Lawyer Samara Goode looks at crowd-sourced equity funding for small businesses and start-ups from a legal perspective.
There is currently plenty of discussion around crowd-sourced equity funding (CSEF). The federal government seems to be focused on improving access for small businesses to affordable finance, particularly as small businesses are seen as a significant driver of productivity and economic growth.
There are many hurdles faced by small, innovative businesses in obtaining finance: the lack of a track record showing an ability to service the debt; no demonstrable prospect of success; insufficient security to meet loan to security ratios; and the simple fact that in many instances a traditional bank loan may not be suited to the business – particularly if it is a start-up.
Enter stage left, CSEF. CSEF is a form of capital raising which involves a large number of people each making small investments to the company through an online crowd-funding platform. Unlike traditional debt finance, equity finance does not usually require immediate repayment.
The problem? At the moment, the Corporations Act continues to regulate CSEF. Issuers can either incorporate as a proprietary company, in which case they would remain subject to the 50 non-employee shareholder limitation, which tends to hamper the idea of having a large number of people make small investments, or incorporate as a public company.
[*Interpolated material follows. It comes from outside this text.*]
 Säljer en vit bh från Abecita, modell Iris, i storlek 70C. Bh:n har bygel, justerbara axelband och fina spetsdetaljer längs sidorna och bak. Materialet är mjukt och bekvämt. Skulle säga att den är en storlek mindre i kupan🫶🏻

This means that they would have to accept more onerous corporate governance requirements.
There is also the burden of issuers needing to prepare a disclosure document, or rely on the limited exceptions under the Corporations Act (notably, the small-scale offering exemption and exemptions for sophisticated or professional investors).
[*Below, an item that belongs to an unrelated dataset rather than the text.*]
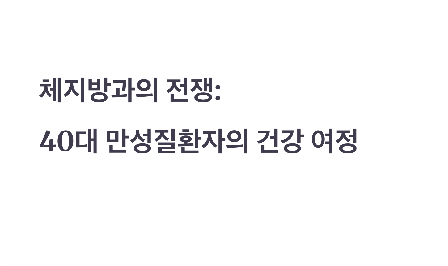 젊었을 땐 저도 그냥 '보기 좋은 몸' 정도만 생각했어요. 근데 있잖아요, 당뇨, 고혈압, 고지혈증 같은 만성질환 진단을 받고 나니까 체지방이 단순히 겉모습의 문제가 아니더라고요. 이건 정말 생존의 문제였어요. 의사 선생님이 체지방 1kg을 빼는 게 혈압약을 먹는 것보다 중요할 수 있다고 하시는데, 머리를 한 대 맞은 것 같았죠. 내장지방은 우리 몸속에서 염증을 일으키는 시한폭탄과 같아요. 혈관을 망가트리고, 인슐린 저항성을 높여서 당뇨를 악화시키죠. 그래서 전 생존을 위해 체지방과 전쟁을 시작했습니다. 여러분은 저처럼 건강을 잃고 나서 후회하지 않으셨으면 좋겠어요.
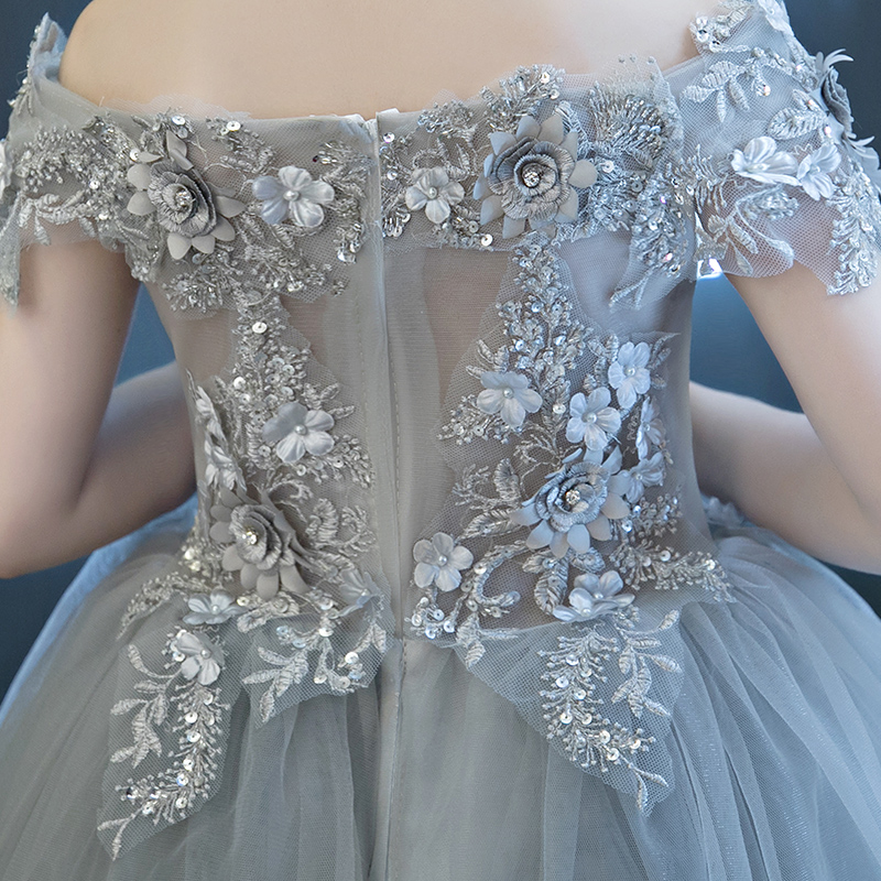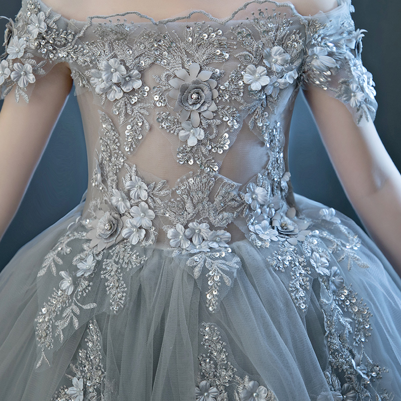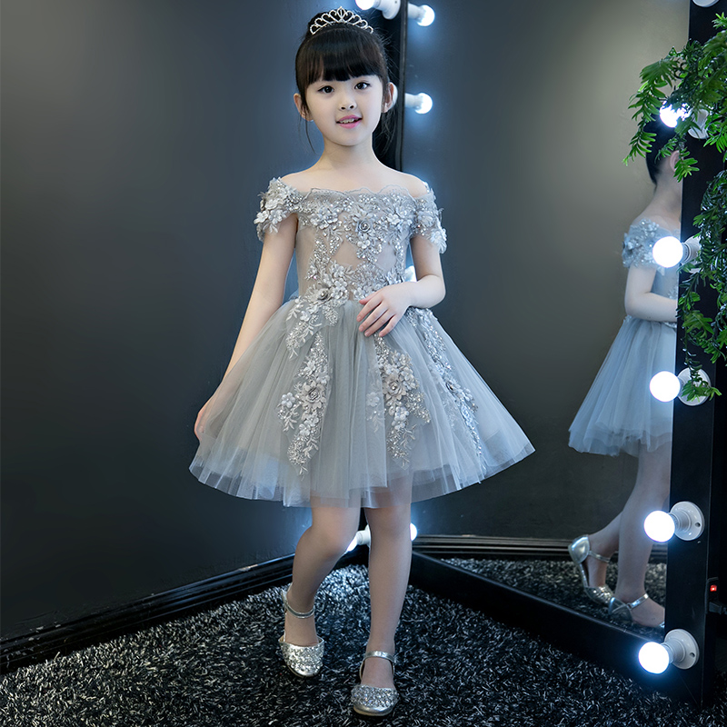 儿童礼服女童公主裙蓬蓬裙花童钢琴演出服一字肩小主持人高端婚纱

These regulatory requirements for traditional equity sources can often be too burdensome for small businesses and start-ups. Consequentially, in December 2014, the Treasury, as part of its Competitiveness Agenda, released a discussion paper seeking feedback on potential CSEF regulatory models. Submissions on the discussion paper were due by 6 February 2015.
So for now, we eagerly await the government's conclusions on CSEF. The expectation is that the CSEF model that is adopted will strike the right balance between supporting investment and protecting investors, while reducing the compliance burden and associated cost – particularly for small businesses.
Samara Goode is a senior associate in the banking and finance team at Colin Biggers & Paisley.